Despite the uncertain policies in the aftermath of the US election, including trade friction, a stronger dollar, and President Trump’s rhetoric around protectionism and anti-globalisation, the improving economic cycle in emerging markets and Asia will remain the primary driver for the region’s equity investment to grow.
That’s according to Geoffrey Wong, head of global emerging markets and Asia Pacific equities at UBS Asset Management.
Wong said EM and Asian equities continue to make a strong investment case. ‘Their structural drivers remain strong and valuations are attractive from a long-term investment perspective with Asia ex Japan equities trading at 1.5x on a price-to-book (P/B) basis, below both their own historic average and developed market equities,’ he said.
‘Also while return-on-equities are still depressed, they have stabilised at low levels, where we see some signs of improvement in productivity growth and increased competitiveness on the back of lower real wage growth as well as some currency adjustments.’

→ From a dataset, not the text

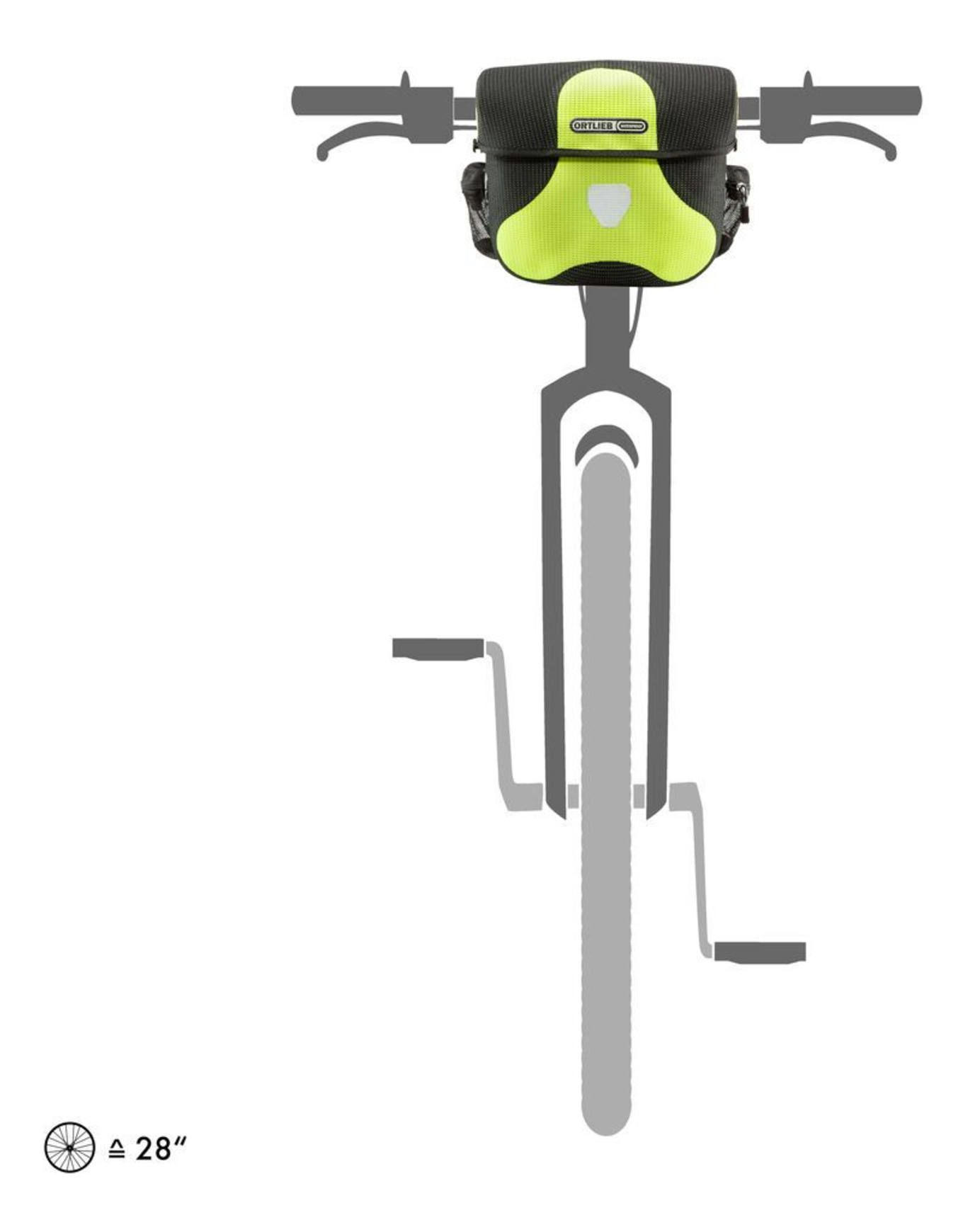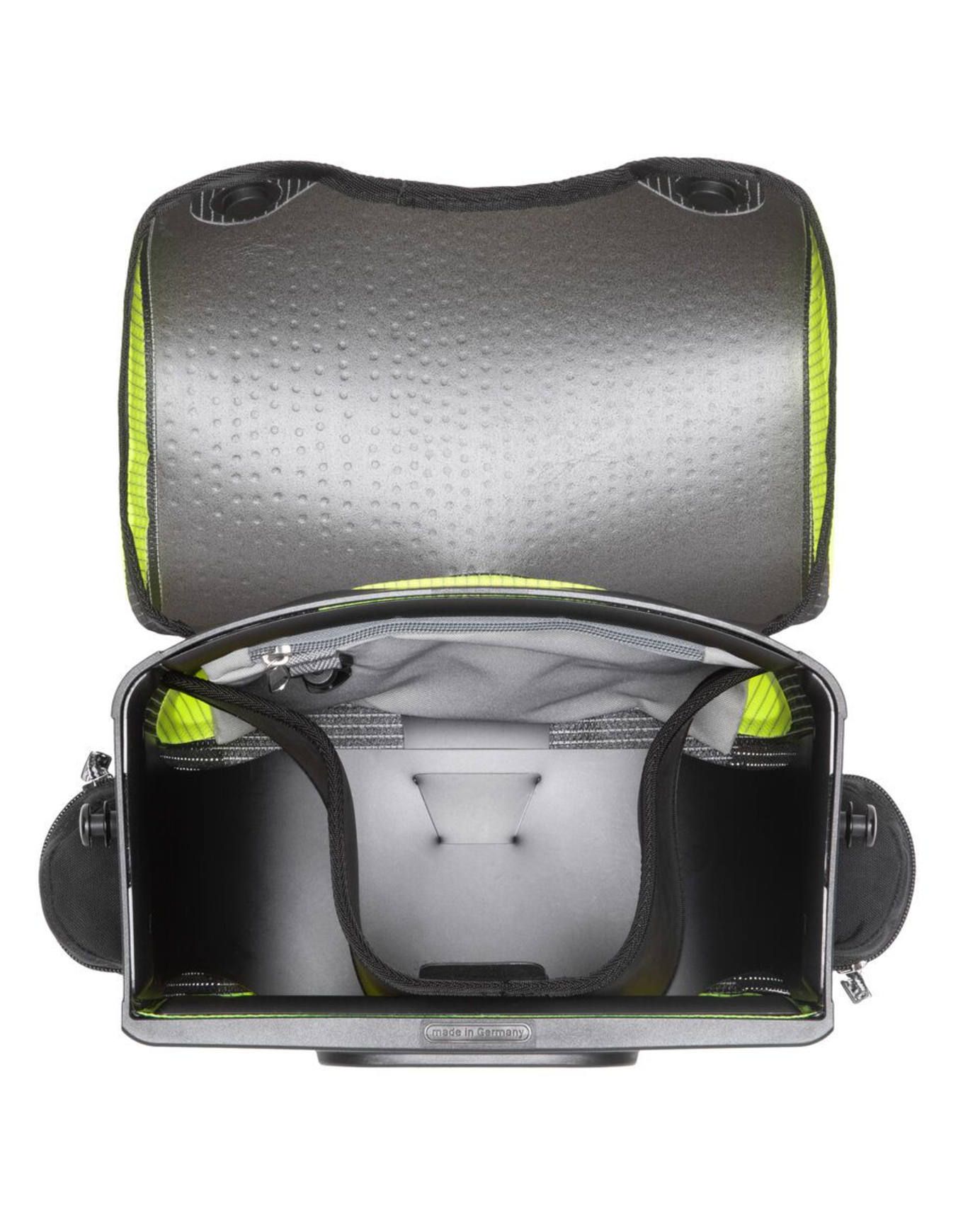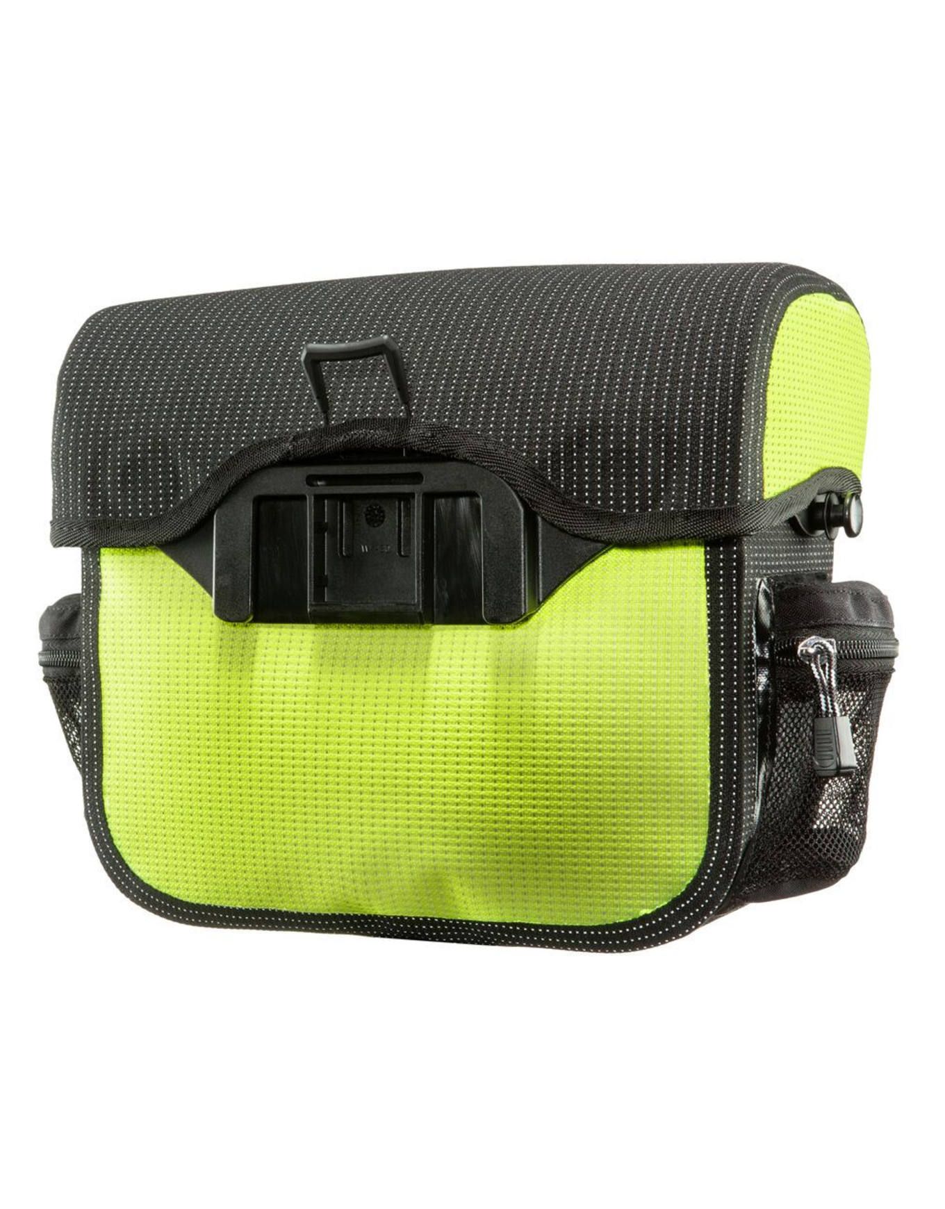 Sacoche de guidon Ortlieb Ultimate Six High Visibility 7L imperméable en Cordura PU jaune fluo avec fil réfléchissant, rabat magnétique verrouillable, poche intérieure zippée et crochet clés, capacité 7 L.

The equity head said the outlook for most Asian economies has improved due to a strengthening in external balances and slowdown in credit growth in most countries, with the notable exception of China.
China offers opportunity
On China, Wong believes the risks of a hard landing for China are slim in the next few years, even as the deceleration of China’s economy seems to have stabilised as it rebalances from an investment-led to a services-led economy.
‘The quality of growth and cash flows should improve over time as China implements reforms to address issues such as problematic debt levels and overcapacity in state-owned enterprises,’ said Wong.
‘These significant changes in the economic structure are providing investment opportunities especially within the services sectors, such as e-commerce, social media, education and insurance.’
India's long term prosperity
According to Wong, India’s nascent economic recovery seems to have been temporarily halted with the recent demonetization move.
‘This is causing short-term disruption but in the longer term, it could benefit the country with greater transparency and improved tax collections,’ said Wong.
‘The formalization of the cash economy and tackling unaccounted income will also be important to a successful rollout of the GST bill, the benefits of which would accrue over the next several years in terms of improving productivity and boosting fiscal revenues.’
‘The current cash crunch is impacting consumer demand and will likely continue to do so for the near term.’
As evidenced by the demonetization drive, Wong believes that the Modi government will focus on removing bottlenecks and pushing through calibrated reforms to revive investments for sustained growth in the medium term. ‘To drive stronger growth however, the country needs a sustained revival of its investment cycle.’
Thailand remains solid
Year-to-date, Thailand is the best performing market in Asia, Wong said.
'While Thai assets have been under pressure lately following the King’s passing away and near term concerns about reduced consumption and
infrastructure spending, we continue to view Thailand as a low risk economy with a large current account surplus, low public debt, low inflation and a strong banking system.'
Additionally, Wong said his team's analysis shows large opportunities exist at the sector level including in consumers, internet/e-commerce and financials.